* _Given entries_

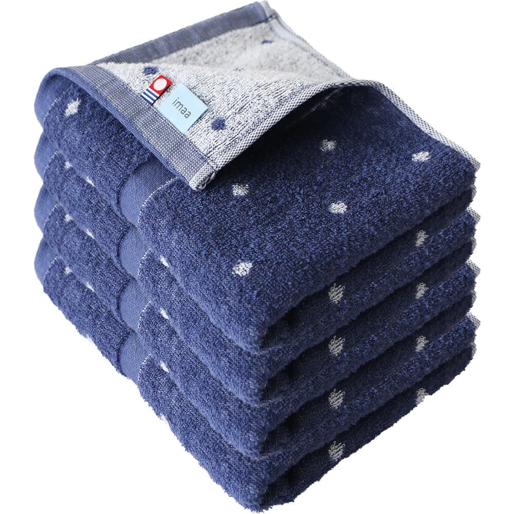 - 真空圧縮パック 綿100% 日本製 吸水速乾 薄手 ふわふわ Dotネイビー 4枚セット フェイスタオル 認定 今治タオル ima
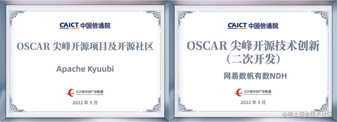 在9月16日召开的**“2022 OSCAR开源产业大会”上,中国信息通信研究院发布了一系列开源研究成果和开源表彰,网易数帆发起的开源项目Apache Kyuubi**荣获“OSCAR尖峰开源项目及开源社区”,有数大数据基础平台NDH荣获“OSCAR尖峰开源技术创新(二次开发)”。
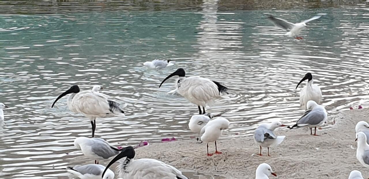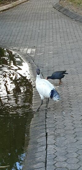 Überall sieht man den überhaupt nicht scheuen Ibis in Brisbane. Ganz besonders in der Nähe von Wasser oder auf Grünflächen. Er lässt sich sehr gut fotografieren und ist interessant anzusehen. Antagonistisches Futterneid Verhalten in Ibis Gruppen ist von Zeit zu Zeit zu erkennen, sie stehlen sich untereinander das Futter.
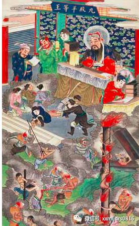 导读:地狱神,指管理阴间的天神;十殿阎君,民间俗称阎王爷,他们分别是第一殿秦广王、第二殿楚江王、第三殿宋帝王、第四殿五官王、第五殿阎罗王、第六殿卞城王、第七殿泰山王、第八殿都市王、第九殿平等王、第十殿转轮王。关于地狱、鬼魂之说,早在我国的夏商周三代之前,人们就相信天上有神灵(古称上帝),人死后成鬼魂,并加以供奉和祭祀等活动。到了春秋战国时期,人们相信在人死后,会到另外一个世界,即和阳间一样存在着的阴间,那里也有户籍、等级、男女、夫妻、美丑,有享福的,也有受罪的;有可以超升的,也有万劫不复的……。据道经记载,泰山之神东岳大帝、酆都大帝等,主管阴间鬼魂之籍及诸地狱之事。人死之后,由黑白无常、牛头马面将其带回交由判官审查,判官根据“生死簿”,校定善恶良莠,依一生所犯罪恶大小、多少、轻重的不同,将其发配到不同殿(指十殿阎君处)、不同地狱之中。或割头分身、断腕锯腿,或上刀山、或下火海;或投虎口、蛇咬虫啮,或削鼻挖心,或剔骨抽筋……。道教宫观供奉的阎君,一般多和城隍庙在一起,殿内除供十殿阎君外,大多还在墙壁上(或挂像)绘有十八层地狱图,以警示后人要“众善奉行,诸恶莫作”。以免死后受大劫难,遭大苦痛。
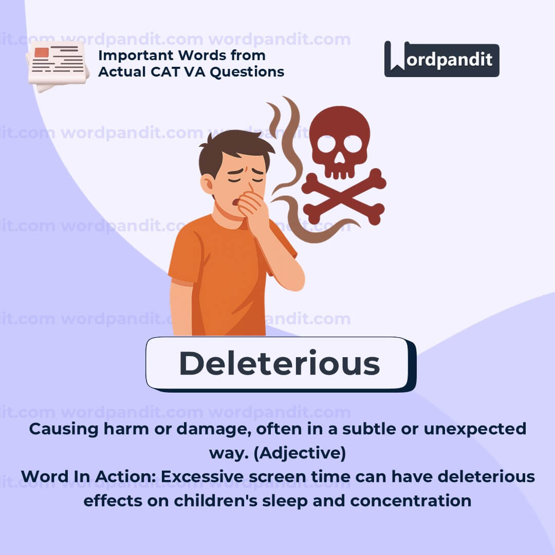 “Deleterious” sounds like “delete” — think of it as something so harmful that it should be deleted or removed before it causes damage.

* _What the task asks_
What you write out is the stretch of entries from the line containing "Überall sieht man" to the line containing "导读:地狱神,指管理阴间的天", word for word, with both end lines and no pictures.

* _Written solution_
 Überall sieht man den überhaupt nicht scheuen Ibis in Brisbane. Ganz besonders in der Nähe von Wasser oder auf Grünflächen. Er lässt sich sehr gut fotografieren und ist interessant anzusehen. Antagonistisches Futterneid Verhalten in Ibis Gruppen ist von Zeit zu Zeit zu erkennen, sie stehlen sich untereinander das Futter.
 导读:地狱神,指管理阴间的天神;十殿阎君,民间俗称阎王爷,他们分别是第一殿秦广王、第二殿楚江王、第三殿宋帝王、第四殿五官王、第五殿阎罗王、第六殿卞城王、第七殿泰山王、第八殿都市王、第九殿平等王、第十殿转轮王。关于地狱、鬼魂之说,早在我国的夏商周三代之前,人们就相信天上有神灵(古称上帝),人死后成鬼魂,并加以供奉和祭祀等活动。到了春秋战国时期,人们相信在人死后,会到另外一个世界,即和阳间一样存在着的阴间,那里也有户籍、等级、男女、夫妻、美丑,有享福的,也有受罪的;有可以超升的,也有万劫不复的……。据道经记载,泰山之神东岳大帝、酆都大帝等,主管阴间鬼魂之籍及诸地狱之事。人死之后,由黑白无常、牛头马面将其带回交由判官审查,判官根据“生死簿”,校定善恶良莠,依一生所犯罪恶大小、多少、轻重的不同,将其发配到不同殿(指十殿阎君处)、不同地狱之中。或割头分身、断腕锯腿,或上刀山、或下火海;或投虎口、蛇咬虫啮,或削鼻挖心,或剔骨抽筋……。道教宫观供奉的阎君,一般多和城隍庙在一起,殿内除供十殿阎君外,大多还在墙壁上(或挂像)绘有十八层地狱图,以警示后人要“众善奉行,诸恶莫作”。以免死后受大劫难,遭大苦痛。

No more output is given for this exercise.